+++ Data extract +++

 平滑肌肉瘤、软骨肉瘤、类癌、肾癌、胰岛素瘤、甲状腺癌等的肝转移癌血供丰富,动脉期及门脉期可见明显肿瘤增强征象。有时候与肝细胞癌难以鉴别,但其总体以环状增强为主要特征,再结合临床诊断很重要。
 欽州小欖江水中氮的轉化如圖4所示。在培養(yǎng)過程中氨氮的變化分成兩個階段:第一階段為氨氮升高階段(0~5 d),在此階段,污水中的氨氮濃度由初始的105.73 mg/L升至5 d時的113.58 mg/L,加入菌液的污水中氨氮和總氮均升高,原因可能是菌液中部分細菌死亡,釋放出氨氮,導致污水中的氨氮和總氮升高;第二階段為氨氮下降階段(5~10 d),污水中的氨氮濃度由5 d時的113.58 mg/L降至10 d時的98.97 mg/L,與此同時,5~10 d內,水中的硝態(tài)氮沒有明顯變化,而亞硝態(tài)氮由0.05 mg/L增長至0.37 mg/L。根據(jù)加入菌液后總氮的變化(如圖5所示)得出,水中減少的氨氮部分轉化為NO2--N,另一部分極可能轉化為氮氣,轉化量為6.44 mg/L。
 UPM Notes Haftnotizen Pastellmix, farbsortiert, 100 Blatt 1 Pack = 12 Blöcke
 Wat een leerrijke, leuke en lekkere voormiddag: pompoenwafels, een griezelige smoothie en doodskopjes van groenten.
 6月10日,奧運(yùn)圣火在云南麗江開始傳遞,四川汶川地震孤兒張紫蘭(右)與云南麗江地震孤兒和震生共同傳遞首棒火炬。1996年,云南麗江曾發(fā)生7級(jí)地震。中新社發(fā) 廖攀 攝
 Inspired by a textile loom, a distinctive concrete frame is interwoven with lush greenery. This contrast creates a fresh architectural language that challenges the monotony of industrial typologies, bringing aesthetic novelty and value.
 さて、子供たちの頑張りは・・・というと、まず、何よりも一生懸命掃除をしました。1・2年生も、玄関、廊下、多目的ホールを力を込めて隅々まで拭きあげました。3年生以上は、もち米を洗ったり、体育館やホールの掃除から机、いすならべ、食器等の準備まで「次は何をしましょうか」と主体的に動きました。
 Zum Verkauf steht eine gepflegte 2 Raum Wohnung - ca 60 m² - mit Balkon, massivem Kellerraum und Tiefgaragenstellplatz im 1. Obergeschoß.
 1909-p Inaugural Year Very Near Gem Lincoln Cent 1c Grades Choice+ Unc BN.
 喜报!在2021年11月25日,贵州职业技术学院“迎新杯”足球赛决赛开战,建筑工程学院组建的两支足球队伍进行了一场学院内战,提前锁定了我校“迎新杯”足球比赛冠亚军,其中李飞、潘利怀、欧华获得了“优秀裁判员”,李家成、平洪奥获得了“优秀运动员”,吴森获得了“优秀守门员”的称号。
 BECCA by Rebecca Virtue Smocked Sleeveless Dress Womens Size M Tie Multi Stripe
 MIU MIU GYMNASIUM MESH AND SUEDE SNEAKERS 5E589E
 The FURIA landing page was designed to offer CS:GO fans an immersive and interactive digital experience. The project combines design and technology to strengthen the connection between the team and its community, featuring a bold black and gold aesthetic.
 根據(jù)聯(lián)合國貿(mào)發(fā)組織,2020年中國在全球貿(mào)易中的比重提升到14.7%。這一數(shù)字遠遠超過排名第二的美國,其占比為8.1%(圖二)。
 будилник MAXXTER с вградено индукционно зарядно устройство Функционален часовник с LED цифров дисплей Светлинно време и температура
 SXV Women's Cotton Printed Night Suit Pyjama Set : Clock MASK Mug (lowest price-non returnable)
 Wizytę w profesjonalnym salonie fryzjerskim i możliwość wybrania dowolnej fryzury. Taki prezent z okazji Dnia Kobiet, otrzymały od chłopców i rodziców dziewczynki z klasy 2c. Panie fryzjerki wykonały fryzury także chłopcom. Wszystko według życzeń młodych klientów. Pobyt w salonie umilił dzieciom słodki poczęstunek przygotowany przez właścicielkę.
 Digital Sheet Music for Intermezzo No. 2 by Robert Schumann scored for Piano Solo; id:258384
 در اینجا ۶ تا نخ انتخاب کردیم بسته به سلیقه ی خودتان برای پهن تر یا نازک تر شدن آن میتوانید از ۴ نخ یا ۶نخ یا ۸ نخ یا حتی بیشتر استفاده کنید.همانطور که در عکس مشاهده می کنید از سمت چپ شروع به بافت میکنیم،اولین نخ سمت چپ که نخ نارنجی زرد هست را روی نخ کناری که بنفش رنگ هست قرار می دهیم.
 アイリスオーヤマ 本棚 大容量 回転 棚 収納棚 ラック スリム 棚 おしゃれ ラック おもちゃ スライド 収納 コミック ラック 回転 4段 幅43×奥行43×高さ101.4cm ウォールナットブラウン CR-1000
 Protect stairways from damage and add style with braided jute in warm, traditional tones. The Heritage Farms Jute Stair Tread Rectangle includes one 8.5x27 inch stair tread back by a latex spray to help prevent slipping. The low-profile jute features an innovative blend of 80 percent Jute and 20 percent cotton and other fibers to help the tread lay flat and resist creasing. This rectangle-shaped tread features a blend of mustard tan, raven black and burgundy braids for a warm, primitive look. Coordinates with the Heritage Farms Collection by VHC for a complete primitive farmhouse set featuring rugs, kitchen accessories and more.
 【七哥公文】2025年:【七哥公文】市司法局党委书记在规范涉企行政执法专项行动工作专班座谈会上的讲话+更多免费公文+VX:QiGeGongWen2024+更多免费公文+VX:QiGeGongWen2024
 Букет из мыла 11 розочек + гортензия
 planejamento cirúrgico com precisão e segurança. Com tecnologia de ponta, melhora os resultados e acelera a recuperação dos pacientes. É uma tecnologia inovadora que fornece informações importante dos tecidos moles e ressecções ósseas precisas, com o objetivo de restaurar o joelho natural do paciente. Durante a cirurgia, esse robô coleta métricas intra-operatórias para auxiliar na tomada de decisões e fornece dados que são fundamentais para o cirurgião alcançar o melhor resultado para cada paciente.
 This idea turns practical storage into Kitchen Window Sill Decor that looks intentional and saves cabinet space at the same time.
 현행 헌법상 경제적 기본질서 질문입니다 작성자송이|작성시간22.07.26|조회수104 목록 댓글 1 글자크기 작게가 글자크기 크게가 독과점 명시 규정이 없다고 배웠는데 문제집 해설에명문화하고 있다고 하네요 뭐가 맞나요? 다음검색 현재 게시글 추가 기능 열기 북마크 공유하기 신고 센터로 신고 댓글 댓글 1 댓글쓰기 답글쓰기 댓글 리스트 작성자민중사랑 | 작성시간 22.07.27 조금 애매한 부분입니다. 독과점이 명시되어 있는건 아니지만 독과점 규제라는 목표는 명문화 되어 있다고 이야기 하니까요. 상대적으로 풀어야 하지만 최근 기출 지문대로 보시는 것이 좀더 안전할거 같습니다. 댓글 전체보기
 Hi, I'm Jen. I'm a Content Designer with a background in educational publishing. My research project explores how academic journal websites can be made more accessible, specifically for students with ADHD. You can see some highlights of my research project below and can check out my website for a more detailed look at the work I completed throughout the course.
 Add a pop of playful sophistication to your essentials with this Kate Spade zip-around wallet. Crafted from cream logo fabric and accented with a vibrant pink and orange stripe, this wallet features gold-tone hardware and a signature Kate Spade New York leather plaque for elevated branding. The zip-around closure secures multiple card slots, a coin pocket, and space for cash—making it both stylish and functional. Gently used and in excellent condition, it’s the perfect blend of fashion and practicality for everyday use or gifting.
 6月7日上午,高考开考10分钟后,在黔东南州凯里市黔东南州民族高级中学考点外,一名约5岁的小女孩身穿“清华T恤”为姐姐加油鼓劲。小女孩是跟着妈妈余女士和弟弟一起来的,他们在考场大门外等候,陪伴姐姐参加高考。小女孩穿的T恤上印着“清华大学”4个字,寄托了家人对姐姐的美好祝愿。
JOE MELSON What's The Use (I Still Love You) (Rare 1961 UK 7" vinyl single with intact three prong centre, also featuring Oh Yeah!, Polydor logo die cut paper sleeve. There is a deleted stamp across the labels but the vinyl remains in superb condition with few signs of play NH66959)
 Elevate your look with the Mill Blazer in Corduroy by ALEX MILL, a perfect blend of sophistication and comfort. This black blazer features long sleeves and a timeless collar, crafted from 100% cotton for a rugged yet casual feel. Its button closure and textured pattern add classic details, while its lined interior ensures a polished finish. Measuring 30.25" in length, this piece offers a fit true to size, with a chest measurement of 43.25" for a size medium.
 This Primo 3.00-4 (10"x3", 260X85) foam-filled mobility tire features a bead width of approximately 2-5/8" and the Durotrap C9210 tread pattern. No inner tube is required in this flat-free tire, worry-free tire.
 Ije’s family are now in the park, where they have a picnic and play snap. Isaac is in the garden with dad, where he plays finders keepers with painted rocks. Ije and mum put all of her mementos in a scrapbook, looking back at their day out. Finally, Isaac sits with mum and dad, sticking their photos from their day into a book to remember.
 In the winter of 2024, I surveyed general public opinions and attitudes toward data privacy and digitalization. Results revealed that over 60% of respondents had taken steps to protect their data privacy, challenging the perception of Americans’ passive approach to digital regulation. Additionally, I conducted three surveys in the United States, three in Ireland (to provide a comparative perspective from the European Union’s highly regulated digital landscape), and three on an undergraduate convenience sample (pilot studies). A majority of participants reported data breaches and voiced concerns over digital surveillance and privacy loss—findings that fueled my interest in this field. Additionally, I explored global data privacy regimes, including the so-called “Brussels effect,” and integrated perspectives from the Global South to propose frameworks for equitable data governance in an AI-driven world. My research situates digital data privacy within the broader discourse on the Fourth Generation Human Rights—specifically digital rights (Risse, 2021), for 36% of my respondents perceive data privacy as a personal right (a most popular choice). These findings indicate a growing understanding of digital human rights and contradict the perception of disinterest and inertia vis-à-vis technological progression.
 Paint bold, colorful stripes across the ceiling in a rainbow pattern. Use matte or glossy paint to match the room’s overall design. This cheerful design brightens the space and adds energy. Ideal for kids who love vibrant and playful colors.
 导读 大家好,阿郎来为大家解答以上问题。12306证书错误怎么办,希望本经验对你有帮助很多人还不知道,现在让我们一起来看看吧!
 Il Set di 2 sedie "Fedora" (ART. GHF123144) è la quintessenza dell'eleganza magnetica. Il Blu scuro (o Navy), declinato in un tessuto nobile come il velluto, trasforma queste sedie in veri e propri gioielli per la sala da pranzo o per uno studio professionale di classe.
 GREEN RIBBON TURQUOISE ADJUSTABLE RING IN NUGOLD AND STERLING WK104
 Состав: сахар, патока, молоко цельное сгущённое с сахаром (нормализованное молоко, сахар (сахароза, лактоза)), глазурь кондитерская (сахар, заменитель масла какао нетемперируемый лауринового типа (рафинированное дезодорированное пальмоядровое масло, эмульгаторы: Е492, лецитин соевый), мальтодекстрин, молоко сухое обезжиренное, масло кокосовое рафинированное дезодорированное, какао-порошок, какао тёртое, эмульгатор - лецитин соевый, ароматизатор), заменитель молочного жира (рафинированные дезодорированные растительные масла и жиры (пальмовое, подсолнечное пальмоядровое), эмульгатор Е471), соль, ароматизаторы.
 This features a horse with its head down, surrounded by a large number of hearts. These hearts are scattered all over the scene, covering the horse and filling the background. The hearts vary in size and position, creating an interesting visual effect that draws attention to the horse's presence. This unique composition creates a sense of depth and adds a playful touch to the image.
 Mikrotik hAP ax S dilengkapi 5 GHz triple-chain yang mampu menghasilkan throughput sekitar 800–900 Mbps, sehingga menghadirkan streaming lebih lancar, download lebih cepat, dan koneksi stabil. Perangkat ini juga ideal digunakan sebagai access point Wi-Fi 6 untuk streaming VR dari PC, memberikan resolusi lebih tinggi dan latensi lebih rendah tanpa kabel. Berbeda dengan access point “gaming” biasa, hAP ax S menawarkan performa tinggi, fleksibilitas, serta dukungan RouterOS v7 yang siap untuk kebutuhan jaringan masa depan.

+++

* Assignment
From the records above, give again exactly the lines running from the line with "The FURIA landing" to the line with "根據(jù)聯(lián)合", inclusive.

* Solution for this task
 The FURIA landing page was designed to offer CS:GO fans an immersive and interactive digital experience. The project combines design and technology to strengthen the connection between the team and its community, featuring a bold black and gold aesthetic.
 根據(jù)聯(lián)合國貿(mào)發(fā)組織,2020年中國在全球貿(mào)易中的比重提升到14.7%。這一數(shù)字遠遠超過排名第二的美國,其占比為8.1%(圖二)。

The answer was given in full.